Exercise goal: Every record must be restated exactly. Drop the images.

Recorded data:

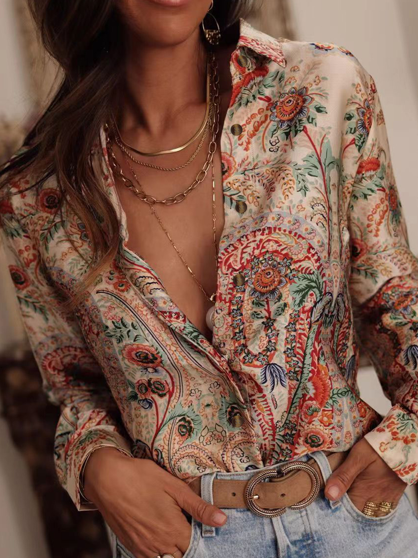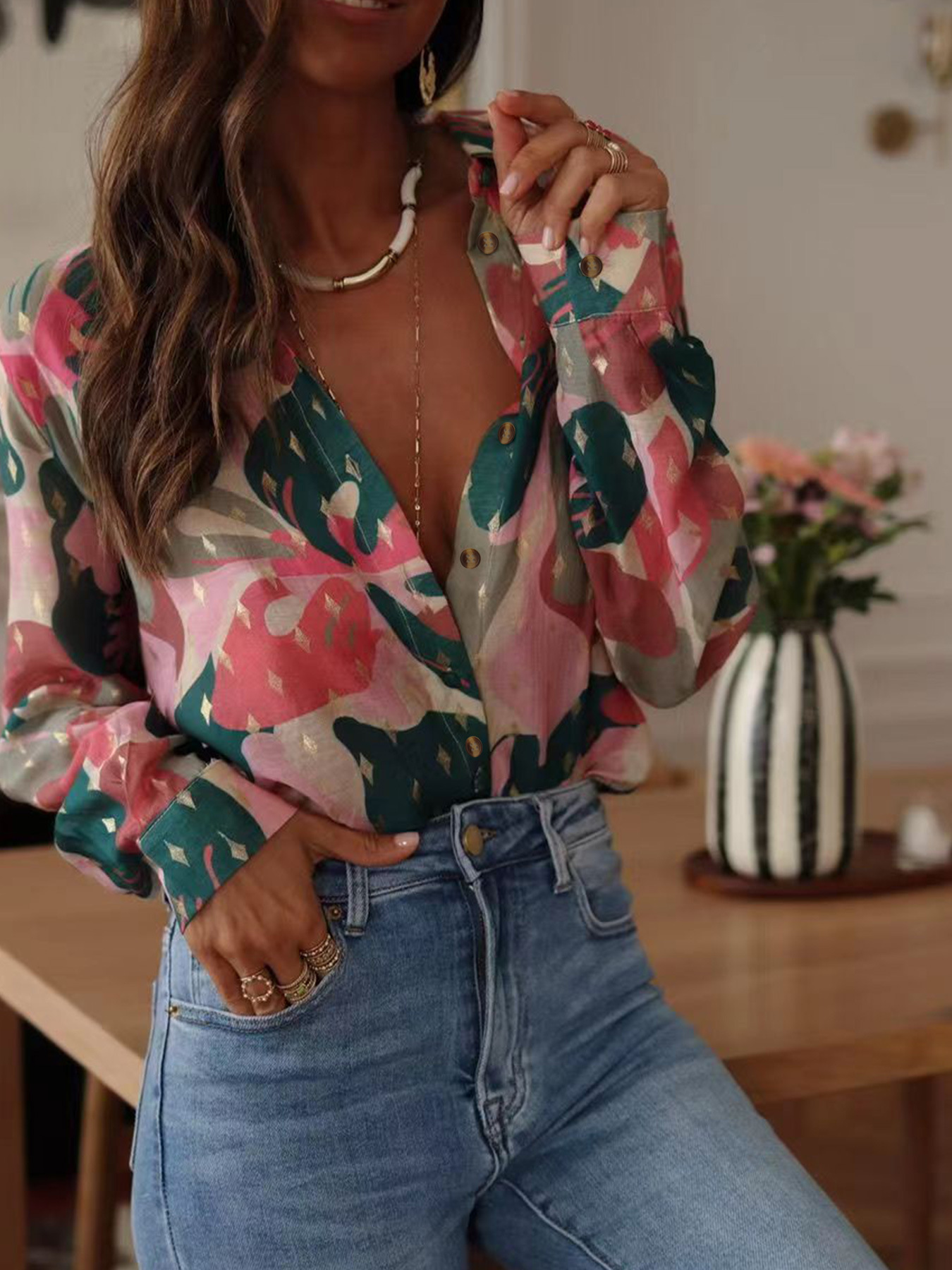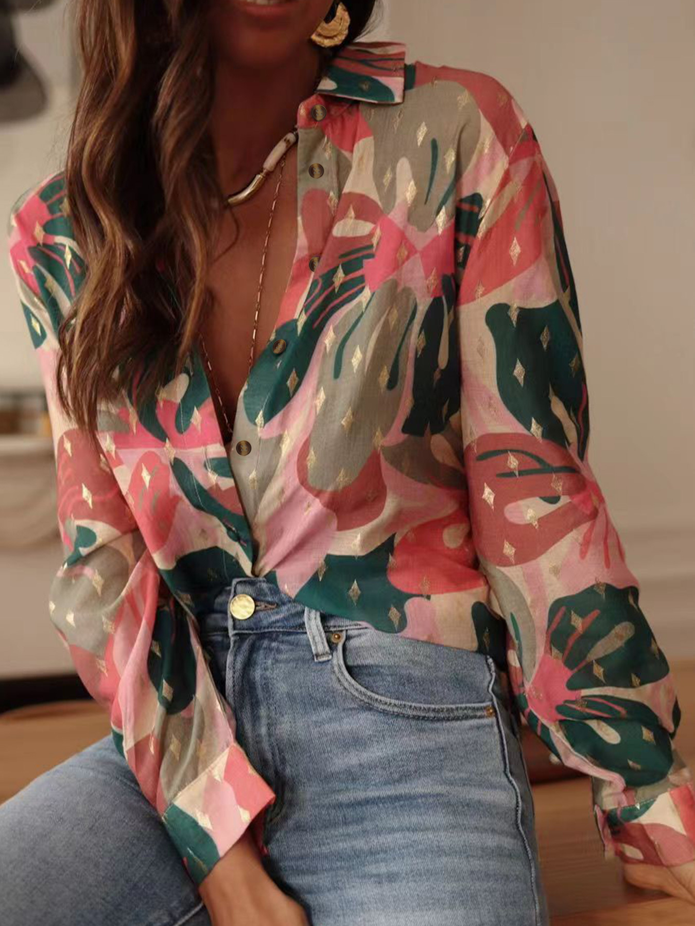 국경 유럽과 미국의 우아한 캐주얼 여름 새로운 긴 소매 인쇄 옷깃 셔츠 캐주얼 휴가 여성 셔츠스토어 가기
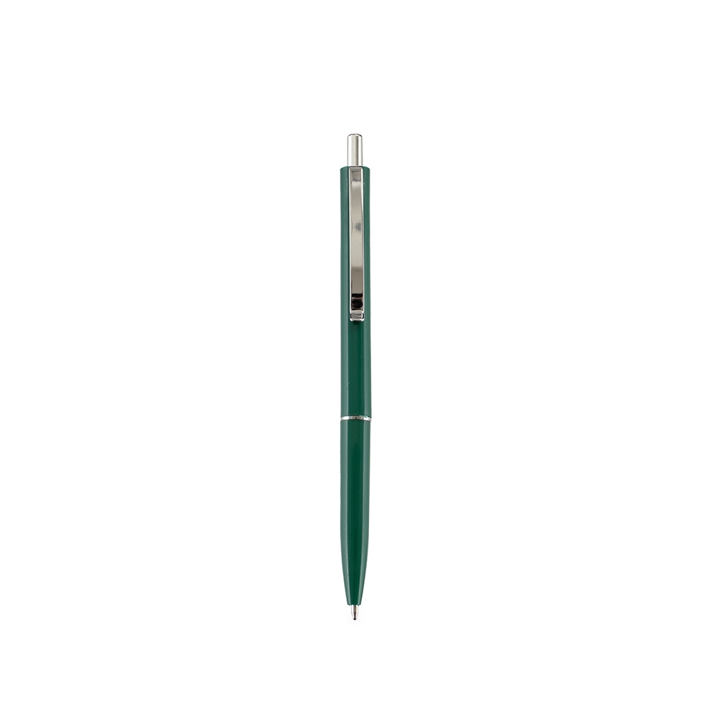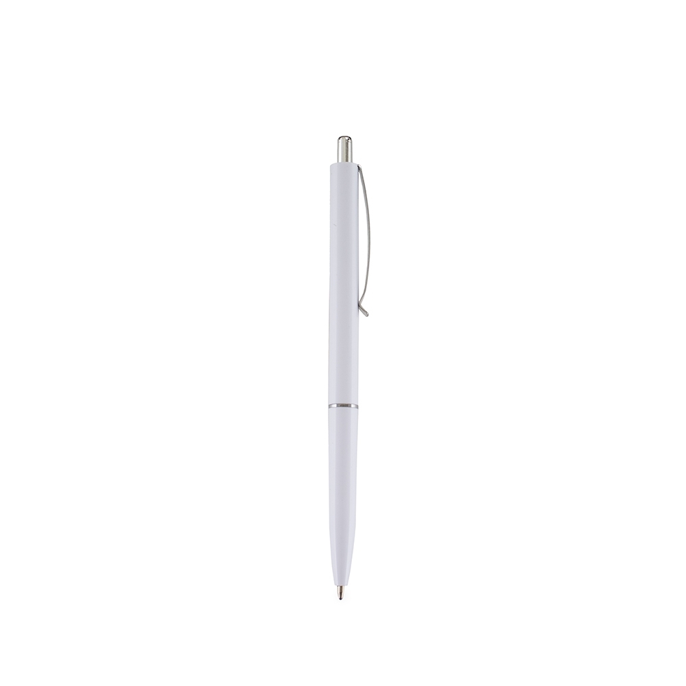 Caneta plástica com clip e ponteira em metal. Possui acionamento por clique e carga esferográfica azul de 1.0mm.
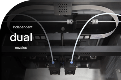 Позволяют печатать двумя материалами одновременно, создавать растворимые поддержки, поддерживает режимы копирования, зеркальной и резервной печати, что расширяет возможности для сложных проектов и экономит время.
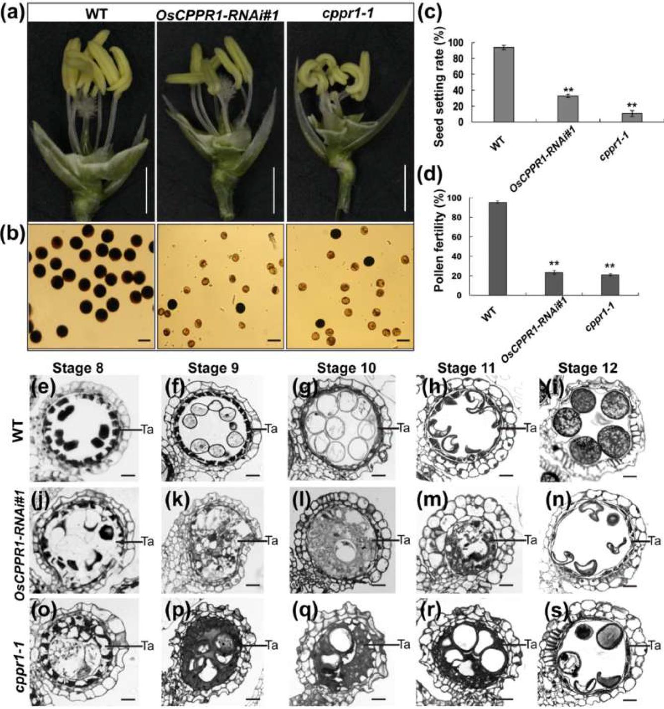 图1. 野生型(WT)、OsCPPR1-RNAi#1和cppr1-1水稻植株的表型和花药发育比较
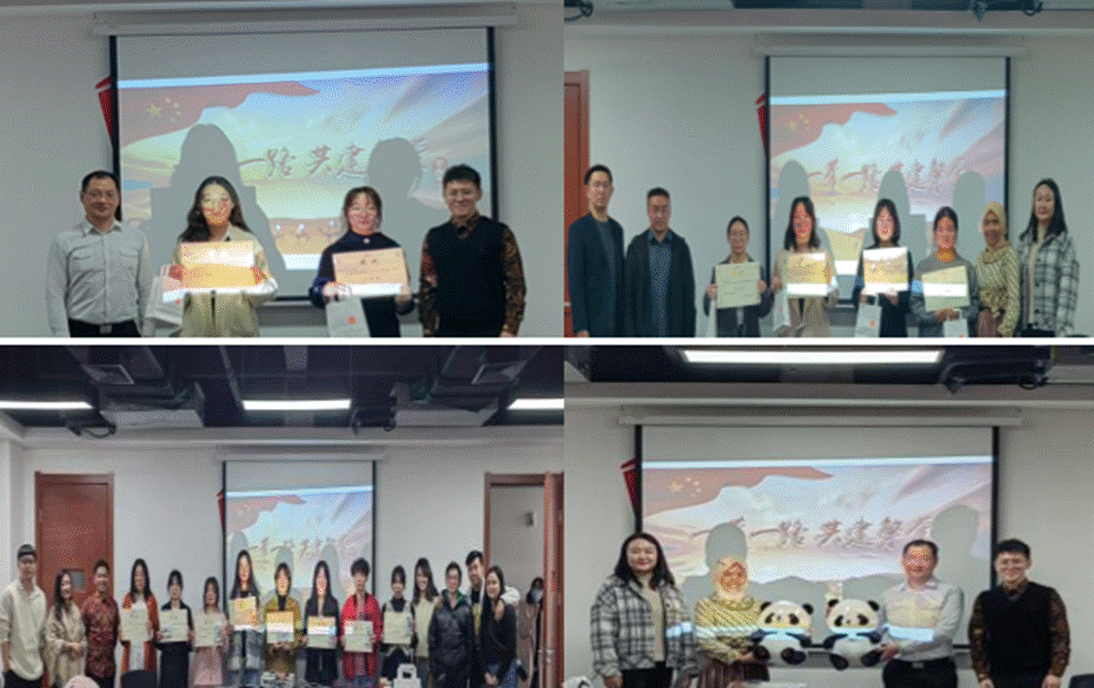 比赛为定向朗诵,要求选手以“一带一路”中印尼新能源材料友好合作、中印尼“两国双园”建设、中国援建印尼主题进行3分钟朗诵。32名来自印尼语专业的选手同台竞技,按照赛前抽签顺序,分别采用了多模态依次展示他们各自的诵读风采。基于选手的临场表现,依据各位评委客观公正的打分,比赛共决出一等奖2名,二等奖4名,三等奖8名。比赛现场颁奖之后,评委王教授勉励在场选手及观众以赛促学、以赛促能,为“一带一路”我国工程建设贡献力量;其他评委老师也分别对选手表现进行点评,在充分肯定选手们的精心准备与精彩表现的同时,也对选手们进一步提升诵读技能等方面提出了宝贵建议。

Response to the task:
 국경 유럽과 미국의 우아한 캐주얼 여름 새로운 긴 소매 인쇄 옷깃 셔츠 캐주얼 휴가 여성 셔츠스토어 가기
 Caneta plástica com clip e ponteira em metal. Possui acionamento por clique e carga esferográfica azul de 1.0mm.
 Позволяют печатать двумя материалами одновременно, создавать растворимые поддержки, поддерживает режимы копирования, зеркальной и резервной печати, что расширяет возможности для сложных проектов и экономит время.
 图1. 野生型(WT)、OsCPPR1-RNAi#1和cppr1-1水稻植株的表型和花药发育比较
 比赛为定向朗诵,要求选手以“一带一路”中印尼新能源材料友好合作、中印尼“两国双园”建设、中国援建印尼主题进行3分钟朗诵。32名来自印尼语专业的选手同台竞技,按照赛前抽签顺序,分别采用了多模态依次展示他们各自的诵读风采。基于选手的临场表现,依据各位评委客观公正的打分,比赛共决出一等奖2名,二等奖4名,三等奖8名。比赛现场颁奖之后,评委王教授勉励在场选手及观众以赛促学、以赛促能,为“一带一路”我国工程建设贡献力量;其他评委老师也分别对选手表现进行点评,在充分肯定选手们的精心准备与精彩表现的同时,也对选手们进一步提升诵读技能等方面提出了宝贵建议。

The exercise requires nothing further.